▶ [About this task] Return only what lies between the first line of the entries and the line containing "效率高,耐腐蝕性強 ?功率350Kw~505Kw ?供暖面積6000~8400m2", both lines included.

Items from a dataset

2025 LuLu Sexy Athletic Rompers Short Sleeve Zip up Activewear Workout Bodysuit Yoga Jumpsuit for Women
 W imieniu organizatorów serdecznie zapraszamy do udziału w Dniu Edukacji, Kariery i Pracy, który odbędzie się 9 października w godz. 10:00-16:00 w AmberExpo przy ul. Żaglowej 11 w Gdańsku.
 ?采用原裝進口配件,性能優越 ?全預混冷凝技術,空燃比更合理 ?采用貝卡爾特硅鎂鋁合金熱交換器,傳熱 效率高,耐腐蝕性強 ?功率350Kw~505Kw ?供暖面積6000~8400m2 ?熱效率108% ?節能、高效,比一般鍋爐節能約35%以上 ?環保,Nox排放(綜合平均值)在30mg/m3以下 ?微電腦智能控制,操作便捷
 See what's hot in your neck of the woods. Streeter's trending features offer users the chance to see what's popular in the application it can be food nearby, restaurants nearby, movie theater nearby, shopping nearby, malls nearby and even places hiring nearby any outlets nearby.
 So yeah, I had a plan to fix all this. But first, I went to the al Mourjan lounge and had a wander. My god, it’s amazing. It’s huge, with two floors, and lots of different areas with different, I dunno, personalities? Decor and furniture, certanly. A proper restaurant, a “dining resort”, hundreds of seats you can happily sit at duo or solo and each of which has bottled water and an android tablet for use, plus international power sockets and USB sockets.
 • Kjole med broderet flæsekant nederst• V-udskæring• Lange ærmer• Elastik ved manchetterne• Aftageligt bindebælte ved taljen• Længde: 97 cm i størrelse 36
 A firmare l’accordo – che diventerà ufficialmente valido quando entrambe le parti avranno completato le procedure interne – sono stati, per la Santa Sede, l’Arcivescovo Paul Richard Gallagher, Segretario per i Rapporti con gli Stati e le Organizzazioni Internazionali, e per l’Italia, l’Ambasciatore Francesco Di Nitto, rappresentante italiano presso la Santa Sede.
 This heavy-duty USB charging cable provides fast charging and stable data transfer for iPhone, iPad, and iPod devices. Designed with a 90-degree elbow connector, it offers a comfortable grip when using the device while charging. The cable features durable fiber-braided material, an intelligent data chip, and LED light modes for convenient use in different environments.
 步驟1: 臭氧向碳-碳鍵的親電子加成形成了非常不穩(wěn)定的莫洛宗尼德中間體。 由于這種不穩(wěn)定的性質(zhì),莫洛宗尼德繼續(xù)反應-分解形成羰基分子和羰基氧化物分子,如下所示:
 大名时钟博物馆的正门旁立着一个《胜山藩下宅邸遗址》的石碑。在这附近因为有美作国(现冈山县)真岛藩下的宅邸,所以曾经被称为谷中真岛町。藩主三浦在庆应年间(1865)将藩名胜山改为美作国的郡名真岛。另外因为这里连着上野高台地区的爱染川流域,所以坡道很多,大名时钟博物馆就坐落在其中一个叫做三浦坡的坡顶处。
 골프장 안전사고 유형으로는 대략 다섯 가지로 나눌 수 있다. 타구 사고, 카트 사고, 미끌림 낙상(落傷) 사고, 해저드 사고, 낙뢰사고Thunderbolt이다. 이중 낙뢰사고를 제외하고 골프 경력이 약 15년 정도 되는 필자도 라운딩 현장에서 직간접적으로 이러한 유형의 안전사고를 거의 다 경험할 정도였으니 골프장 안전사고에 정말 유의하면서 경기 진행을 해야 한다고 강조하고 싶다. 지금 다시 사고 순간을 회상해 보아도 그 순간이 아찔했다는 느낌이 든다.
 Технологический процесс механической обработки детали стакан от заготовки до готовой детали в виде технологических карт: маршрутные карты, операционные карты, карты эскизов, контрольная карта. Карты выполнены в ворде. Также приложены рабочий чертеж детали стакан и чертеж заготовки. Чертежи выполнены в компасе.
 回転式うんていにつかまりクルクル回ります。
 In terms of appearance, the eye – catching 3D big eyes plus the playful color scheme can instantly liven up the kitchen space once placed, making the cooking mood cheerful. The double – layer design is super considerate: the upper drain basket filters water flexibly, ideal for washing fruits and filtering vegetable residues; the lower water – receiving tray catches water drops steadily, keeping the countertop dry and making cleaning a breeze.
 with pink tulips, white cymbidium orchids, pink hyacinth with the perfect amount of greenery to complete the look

▶ [Exercise solution]
2025 LuLu Sexy Athletic Rompers Short Sleeve Zip up Activewear Workout Bodysuit Yoga Jumpsuit for Women
 W imieniu organizatorów serdecznie zapraszamy do udziału w Dniu Edukacji, Kariery i Pracy, który odbędzie się 9 października w godz. 10:00-16:00 w AmberExpo przy ul. Żaglowej 11 w Gdańsku.
 ?采用原裝進口配件,性能優越 ?全預混冷凝技術,空燃比更合理 ?采用貝卡爾特硅鎂鋁合金熱交換器,傳熱 效率高,耐腐蝕性強 ?功率350Kw~505Kw ?供暖面積6000~8400m2 ?熱效率108% ?節能、高效,比一般鍋爐節能約35%以上 ?環保,Nox排放(綜合平均值)在30mg/m3以下 ?微電腦智能控制,操作便捷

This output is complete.